▶ _Problem details_
What you give back from the listing below should be an exact copy of the lines from the one with "Tiny Twinkle Long" down to the one with "DOC) PROPOSAL BANTUAN", and it should contain no pictures.

▶ _Data under study_
+++++

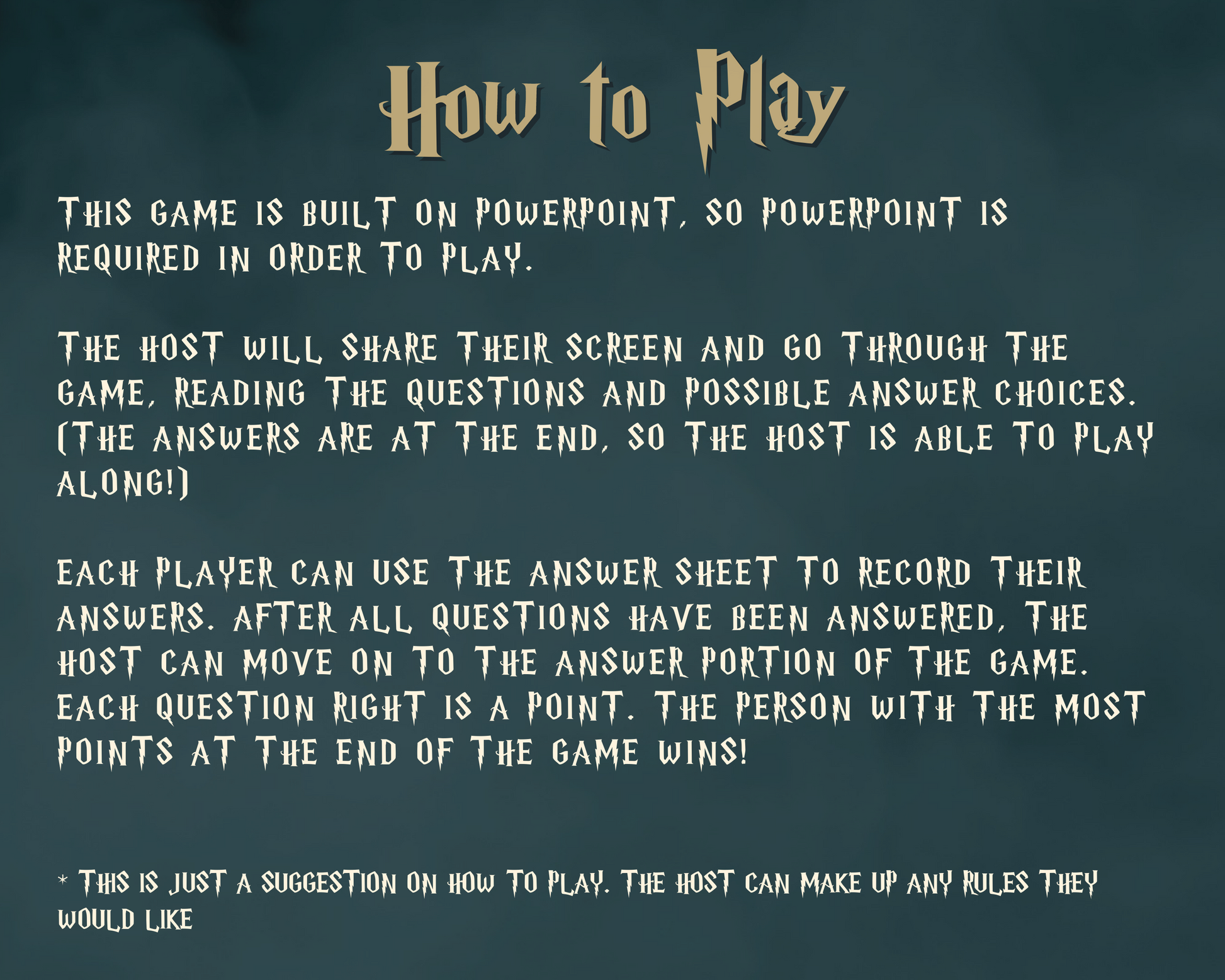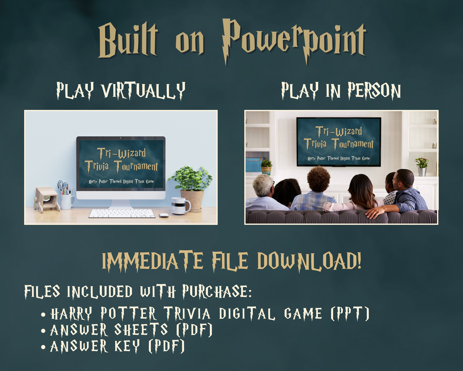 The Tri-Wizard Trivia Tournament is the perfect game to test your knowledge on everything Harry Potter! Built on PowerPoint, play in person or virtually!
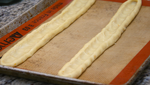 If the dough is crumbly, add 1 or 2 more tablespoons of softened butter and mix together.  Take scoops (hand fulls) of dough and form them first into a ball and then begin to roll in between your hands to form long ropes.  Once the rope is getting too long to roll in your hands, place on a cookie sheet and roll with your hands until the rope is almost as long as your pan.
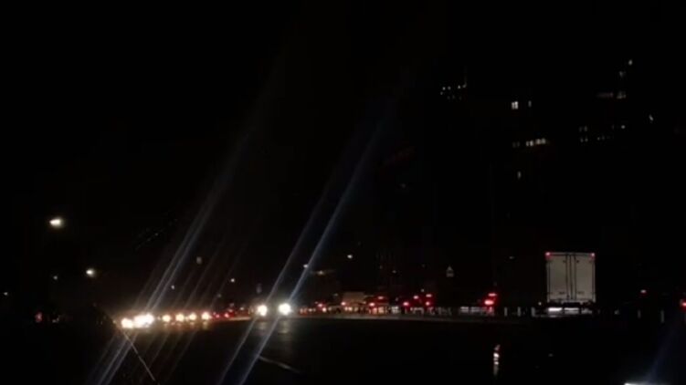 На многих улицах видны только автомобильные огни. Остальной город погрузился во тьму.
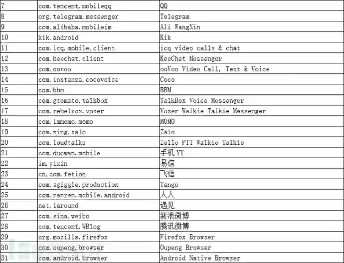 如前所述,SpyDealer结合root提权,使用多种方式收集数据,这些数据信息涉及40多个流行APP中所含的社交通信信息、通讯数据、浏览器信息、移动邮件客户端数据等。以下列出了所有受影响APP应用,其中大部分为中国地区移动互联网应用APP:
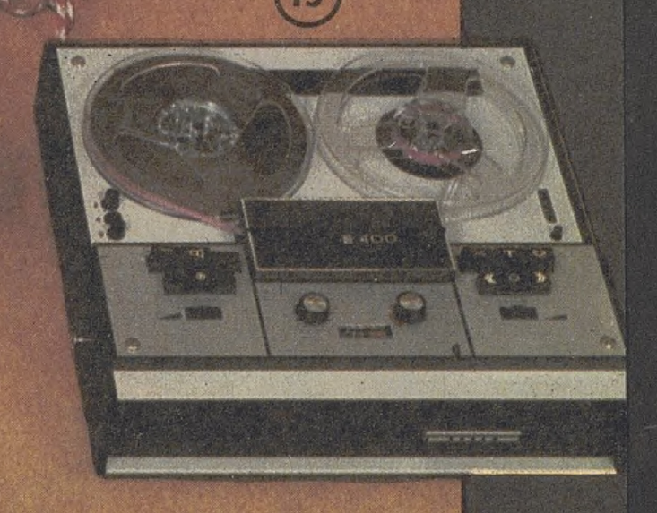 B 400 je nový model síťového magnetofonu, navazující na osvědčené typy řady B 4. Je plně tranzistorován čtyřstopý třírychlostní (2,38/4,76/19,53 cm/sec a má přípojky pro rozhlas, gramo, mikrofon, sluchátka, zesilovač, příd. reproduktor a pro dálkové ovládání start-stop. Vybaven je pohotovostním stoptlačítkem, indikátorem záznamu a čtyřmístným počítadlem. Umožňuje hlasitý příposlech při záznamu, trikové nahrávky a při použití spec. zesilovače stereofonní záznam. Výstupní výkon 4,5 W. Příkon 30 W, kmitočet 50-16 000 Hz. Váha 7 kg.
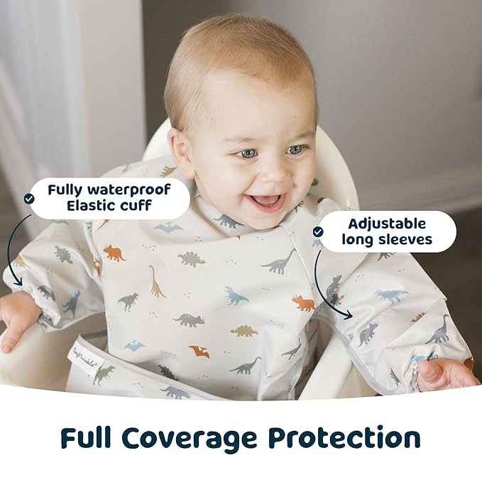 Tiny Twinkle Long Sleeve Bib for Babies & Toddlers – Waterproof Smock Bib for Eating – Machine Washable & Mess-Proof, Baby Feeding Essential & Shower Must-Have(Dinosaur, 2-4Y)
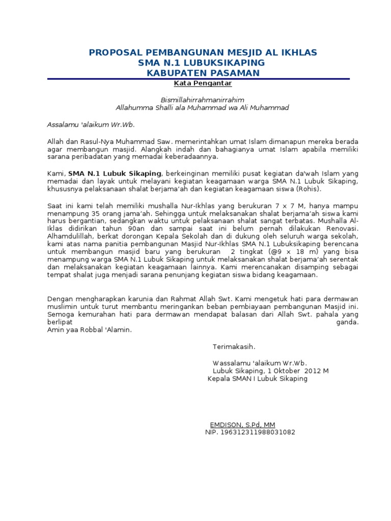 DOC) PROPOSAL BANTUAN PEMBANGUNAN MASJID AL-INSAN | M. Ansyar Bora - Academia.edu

+++++

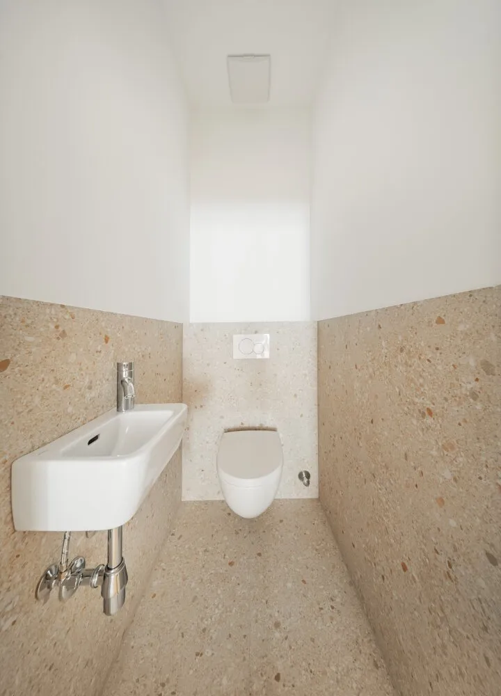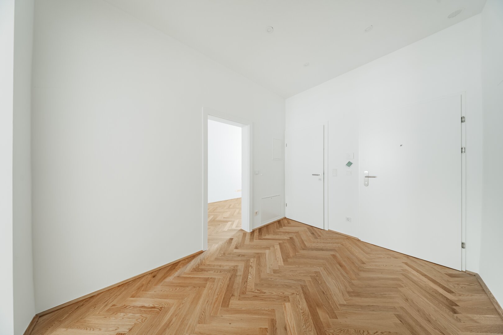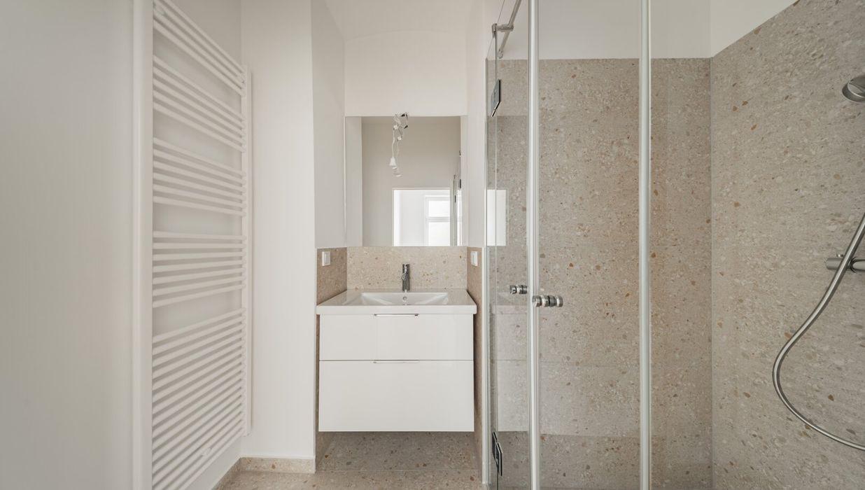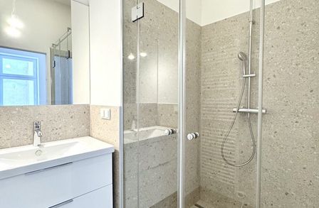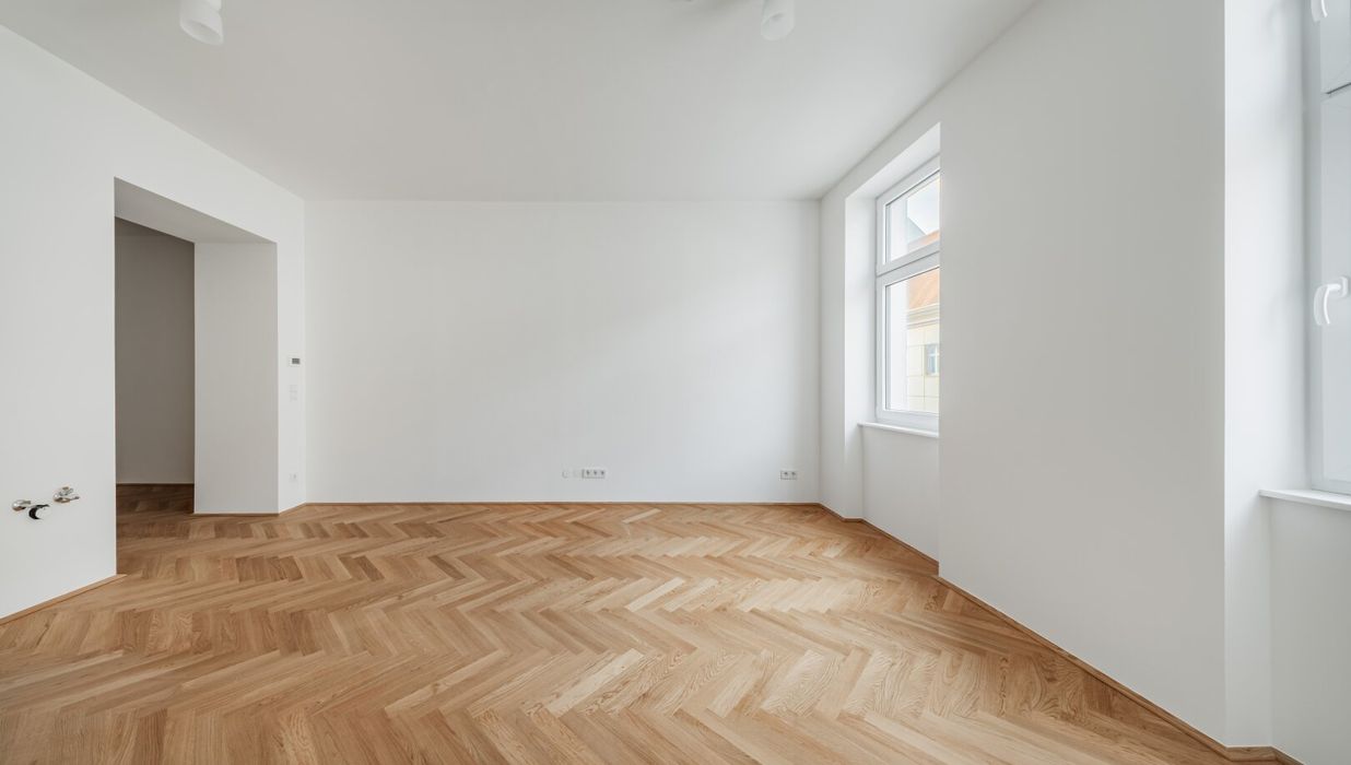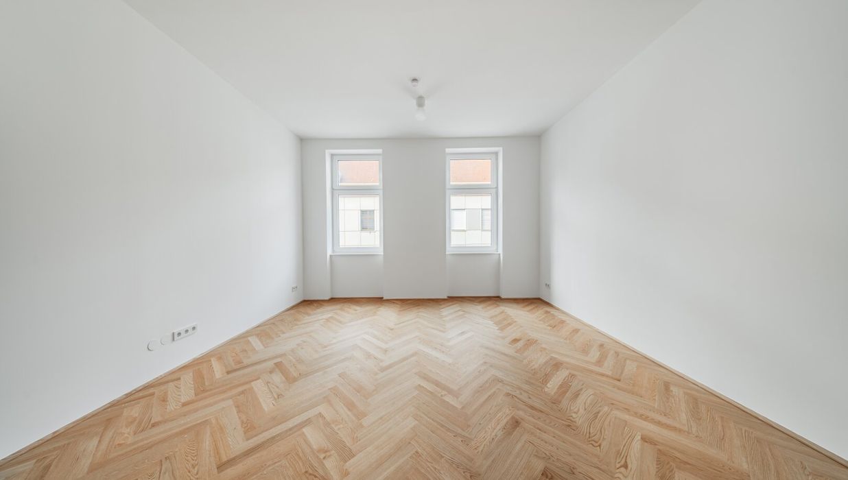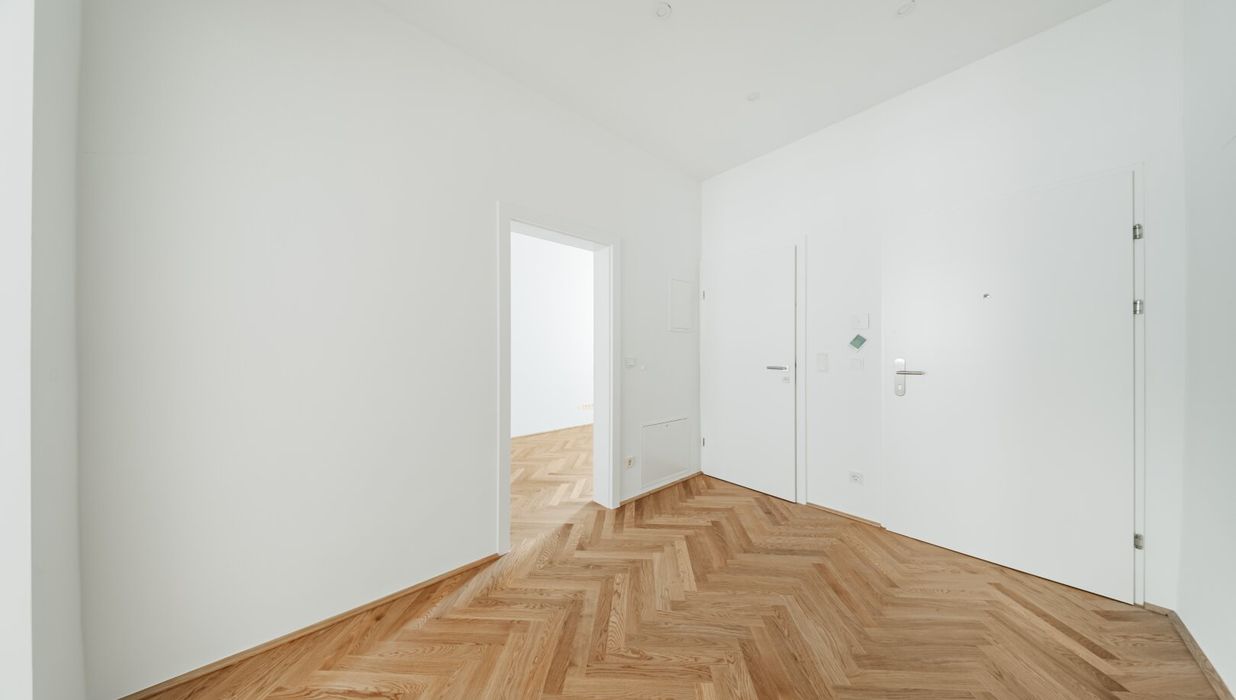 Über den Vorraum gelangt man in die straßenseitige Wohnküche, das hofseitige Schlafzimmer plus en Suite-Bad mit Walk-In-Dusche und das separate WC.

+++++

▶ _Response to the exercise_
 Tiny Twinkle Long Sleeve Bib for Babies & Toddlers – Waterproof Smock Bib for Eating – Machine Washable & Mess-Proof, Baby Feeding Essential & Shower Must-Have(Dinosaur, 2-4Y)
 DOC) PROPOSAL BANTUAN PEMBANGUNAN MASJID AL-INSAN | M. Ansyar Bora - Academia.edu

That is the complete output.